と、はやしたてたことがありました。松吉、杉作は、もうずつとまへからそんなことは知つてゐました。が、あまり克巳が面白さうにはやしたてるので、いつしよになつて、これも、

「わはい、おぢいさんの耳、毛が生えてゐる。」

と、はやしたてたものでした。するとお祖父さんが、松吉、杉作をにらみつけて、「何だ、きさまたちや。おぢいさんの耳に毛の生えとることくれえ、毎日見てよく知つてけつかるくせに。」と叱りとばしました。そんなこともありました。

 克巳は、からうすをめづらしがつて、米をつかせてくれとせがみました。しかし、二十ばかり足を踏むと、もういやになつて、下りてしまひましたので、あとは、松吉と杉作がしなければなりませんでした。

 あしたは克巳が町に帰るといふ日のひるさがりには、三人でたらひをかついで裏山のきぬ池にいきました。絹池は大きいといふほどの池ではありませんが、底知れず深いのと、水が澄んでゐて冷いのと、村から遠いのとで、村の子供達も遊びにいかない池でした。三人はその池を盥にすがつて、南から北に横切らうといふのでした。三人は南の堤防にたどりついて見ますと、東、北、西の三方を山でかこまれた池は、それらの山とまつ白な雲をうかべてゐるばかりで、あたりには人のけはひがまるでありません。三人はもう、すこしぶきみにかんじました、しかしせつかく、こゝまで盥をかついで来て水にはいりもせず帰つては、あまり意気地のないはなしではありませんか。三人は勇気を出して裸になりました。そして土堤どての下のよしの中へ、おそるおそる盥をおろしてやりました。盥がばちやんといひました。その音があたりの山一めんに聞えたらうと思はれるほど、大きな音に聞えました。盥のところから波の輪がひろがつていきました。見てゐると、池のいちばん向かふのはしまで、ひろがつていつて、そこの小松の影がゆらりゆらりとゆれました。三人は少し元気が出て来ました。

「はいるぞ。」

と松吉がうしろを見ていひました。

「うん。」

と克巳がうなづきました。

 三人の裸ん坊は、ずぼりずぼりと水の中にすべりこみ、盥のふちにつかまりました。そして、うふふふふ、とおたがひに顔を見合はせて笑ひました。をかしいので笑つたのか、あまり冷たかつたので笑つたのか、自分達にもよくわかりませんでした。

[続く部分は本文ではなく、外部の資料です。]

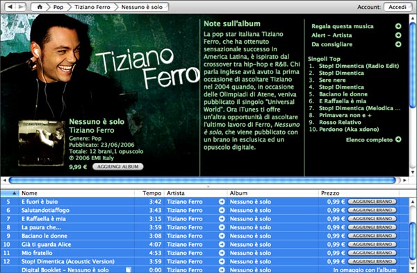 Degno di segnalazione, sempre per iTMS Italia, l'album appena rilasciato di Tiziano Ferro
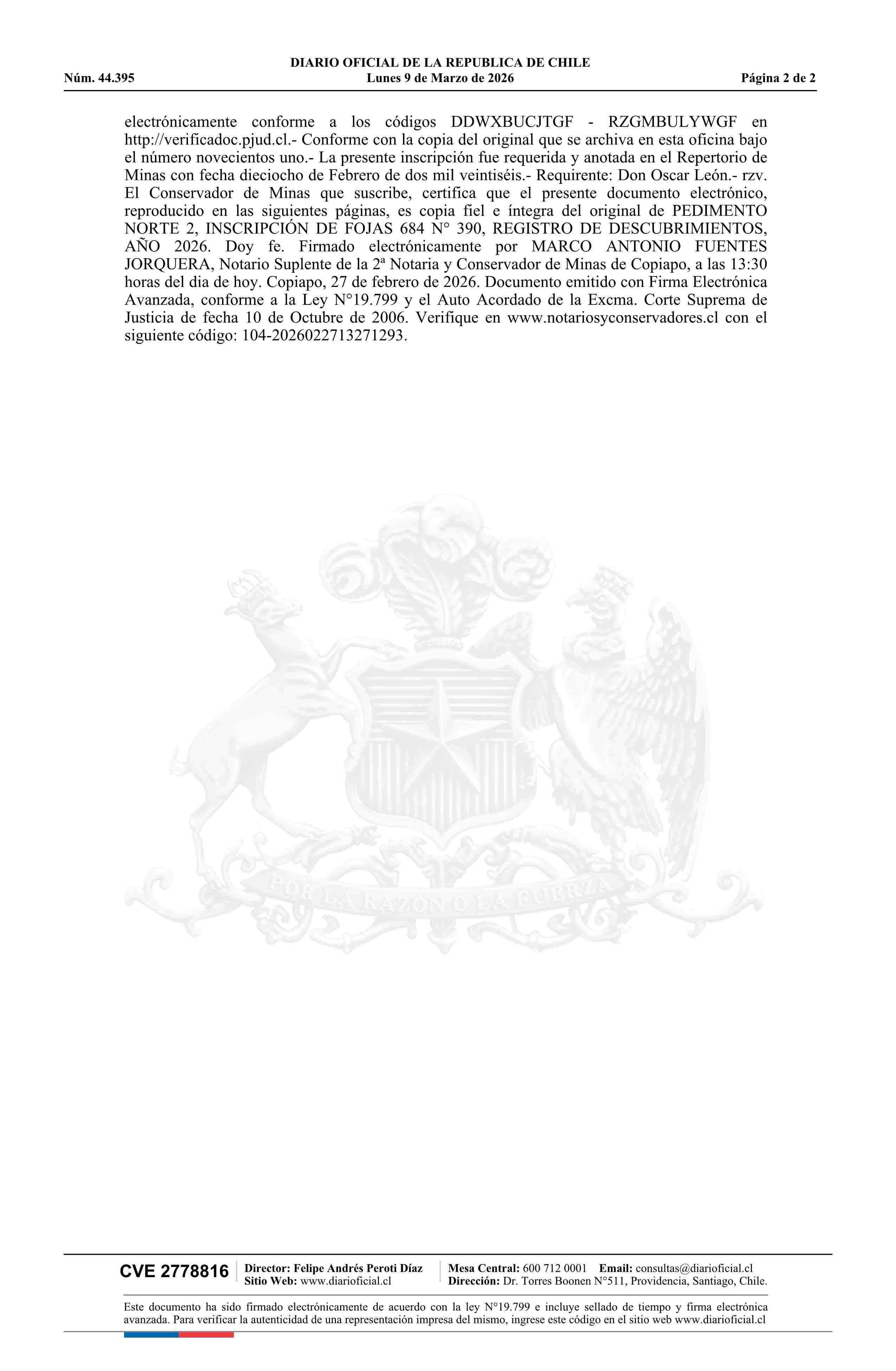 09-03-2026 DIARIO OFICIAL CHILE - BOLETÍN OFICIAL DE MINERÍA

 もう、かうなつては、ぢつとしてゐるわけにはいきません。三人は足をうごかしました。はじめのうちは調子が揃はないので、一つところであばれてゐるばかりでした。が、そのうちに、三人は同じ方へ水をりました。盥は少しづつ、池の中心にむかつてすゝみはじめました。

 長い時間がたちました。

 三人はへとへとになりました。もう、足を動かすのがいやになりました。さて、三人はどこまで来たのでせう。自分達の位置を見て、三人はびつくりしました。いま、ちやうど池のまん中にゐるではありませんか?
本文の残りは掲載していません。